Jad-bal-ja somnolait sur une herbe jaune et rare quand l’homme, un mâle de

taille moyenne, lui apparut. Il aurait pu sentir son approche sans la présence

des girafes à deux cents mètres qui occupaient son système olfactif et l’odeur

de terre qui remontait depuis que la pluie avait cessé. Il avait plu toute la nuit

précédente et, quand l’orage avait touché la ville et que les lionnes étaient

rentrées se mettre à l’abri, il était resté sous les éclairs à écouter le martèlement

de la pluie sur le sol et les craquements du tonnerre dans la nuit qui noyaient

les bruits de la cité et rétablissaient la primauté sonore de la nature originelle.

L’homme avait longé l’enceinte du fossé, un fossé moins large que celui

qu’il avait établi entre sa propre espèce et les autres, mais tout aussi

infranchissable. Puis il s’était arrêté pour considérer le lion derrière l’écran de

verre, depuis le belvédère, comme le faisaient tous les visiteurs.

Des humains, Jad-bal-ja en voyait défiler tous les jours, de tous les âges et

de toutes les tailles, autour de son domaine et il les observait plus par habitude

que par curiosité, car il y avait bien longtemps qu’il avait perdu intérêt à leur

présence.

L’homme derrière la barrière de verre fixait toujours le lion, mais le fauve

avait replongé dans la contemplation de ses pattes étendues devant lui.
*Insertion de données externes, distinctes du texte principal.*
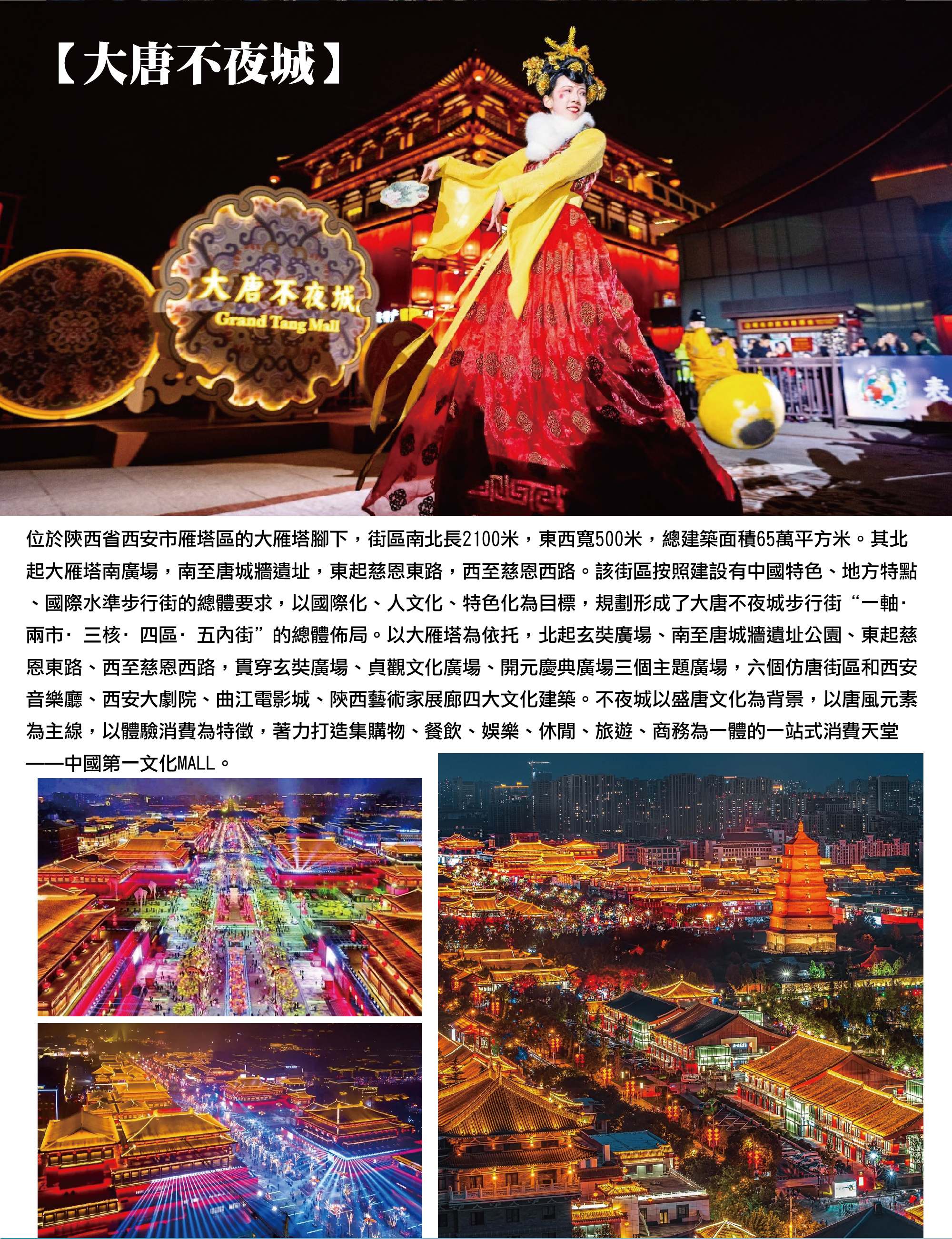盛唐文化為核心打造大型沉浸式步行街區【大唐不夜城】位於中國陝西省西安市雁塔區,整體外觀以「盛唐文化」為設計主軸,是一條結合古風建築與現代燈光藝術的大型步行街區。白天可見仿唐式建築群整齊排列,屋簷飛翹、朱紅與金色為主調,搭配石雕欄杆與寬敞中軸步道,呈現出恢弘大氣的古都格局。夜幕降臨後,大唐不夜城的外觀風格轉為燈光主導,整條街區被暖色系燈光點亮,建築輪廓更加立體清晰,形成層次分明的視覺效果。主街兩側設有大型景觀雕塑與文化裝置,如唐代人物、詩詞意象與歷史主題造景,使整體空間更具故事性與沉浸感。街區中央寬闊的步行軸線搭配景觀水池與開放廣場,使視野延伸感強烈,白天展現古都恢宏氣勢,夜晚則轉化為光影交錯的城市舞台。整體外觀融合古典建築語彙與現代燈光設計,是西安最具代表性的文化夜景地標之一。

En milieu naturel, un lion consacre quatre-vingts pour cent de son activité à

la recherche de nourriture ; le reste du temps, soit dix-huit à vingt heures par

jour environ, il ne fait rien, il dort. Mais ses sens restent en alerte, à l’affut d’un6

bruit, de l’effluve d’une femelle, d’un rival ou d’une opportunité. La machine

travaille. Les soigneurs faisaient de leur mieux pour stimuler l’intérêt des

fauves en captivité, car l’ennui réduit l’espérance de vie des animaux, et les

animaux déprimés ne plaisent pas aux enfants. Or les zoos vivent des enfants.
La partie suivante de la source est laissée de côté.